The "suicide scheduling" approach is a correct one, with one caveat. Change the name of the scheduler each time (I add a timestamp), then periodically run a query using a "Like" term to delete any of the scheduled jobs that got "stuck".

On rare occasions a scheduled job will get stuck in such a way that even after aborting it, you won't be able to start a new one with the same name - so the suicide becomes permanent. Varying the names resolves this issue.

5
  • Absolutely. I'd forgotten about this.

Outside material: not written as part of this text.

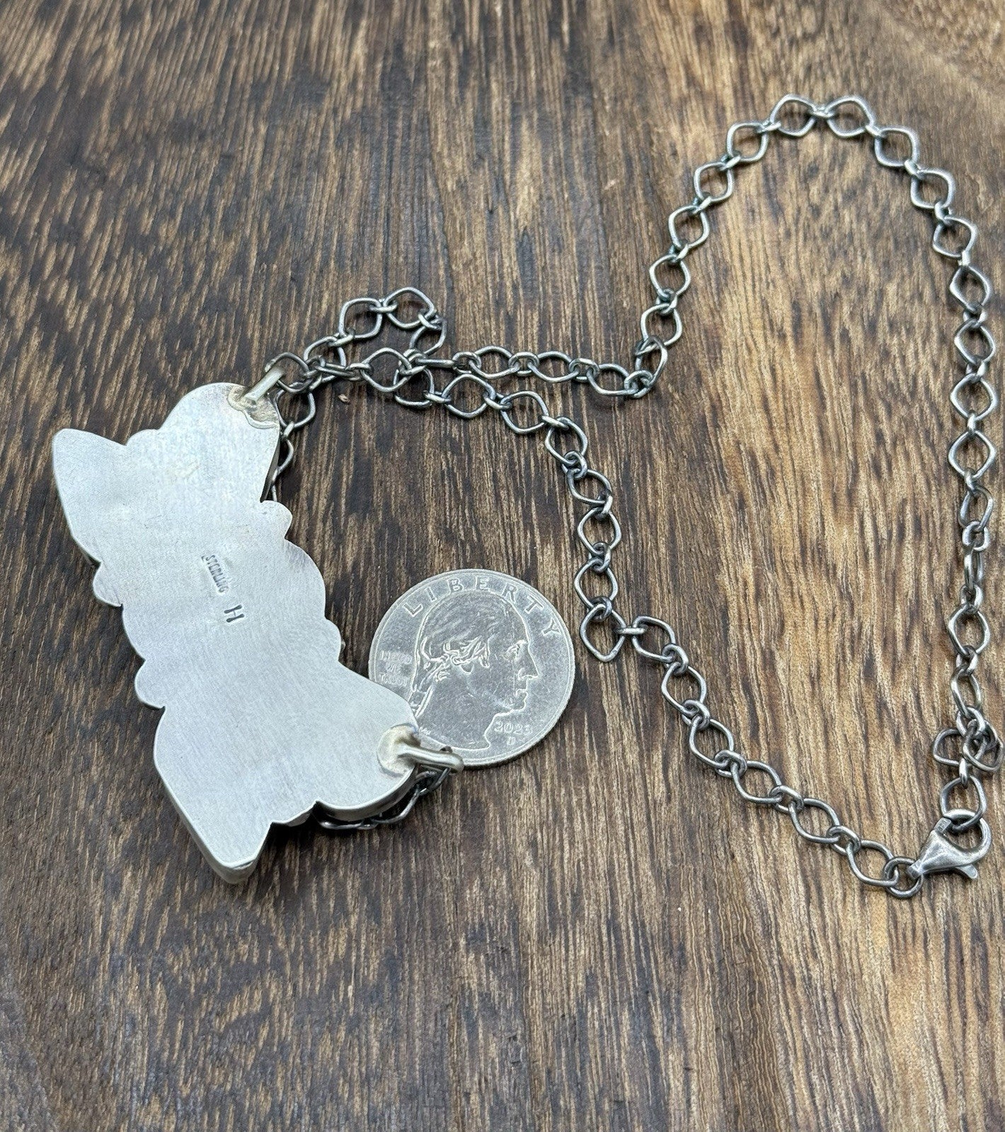 This exquisite cluster necklace is a true work of art handcrafted by Native American artisan Vicky Hicks, The stunning cluster shaped necklace features beautiful spiny oyster stones set in sterling silver bezel. The pendant hangs on an 18-inch chain with lobster closure, making it a perfect accessory for any occasion.

It tends to happen especially when you refresh a sandbox, you'll end up with ghost jobs that require support to clear some background table.
    – sfdcfox
    Commented Apr 27, 2016 at 18:55
  • What would the typical query to delete the "stuck" ones look like i.e. what other terms (in addition to the 'like" for the name) do you suggest?
    – Keith C
    Commented Apr 27, 2016 at 22:45
  • Because I use a fixed job name plus a time stamp, "Like" on the name is sufficient.
    – kibitzer
    Commented Apr 28, 2016 at 17:30
  • It was other terms I was wondering about that would separate the "stuck" ones from the valid ones.
    – Keith C
    Commented Apr 29, 2016 at 7:58
  • It's been a while, but if I recall correctly it was a case of an AsyncApexJob not being deleted when the associated CronTrigger object was deleted (or vice versa).
    – kibitzer
    Commented May 2, 2016 at 20:55
1

in spring '23, Queueable now has a 'retryInMinutes' override

https://help.salesforce.com/s/articleView?id=release-notes.rn_apex_enqueueJob_delayQueueable.htm&release=242&type=5

so for certain use cases this is very clean ie: Queueable does the first callout, and you can easily retry 'n' times after 'n' minutes.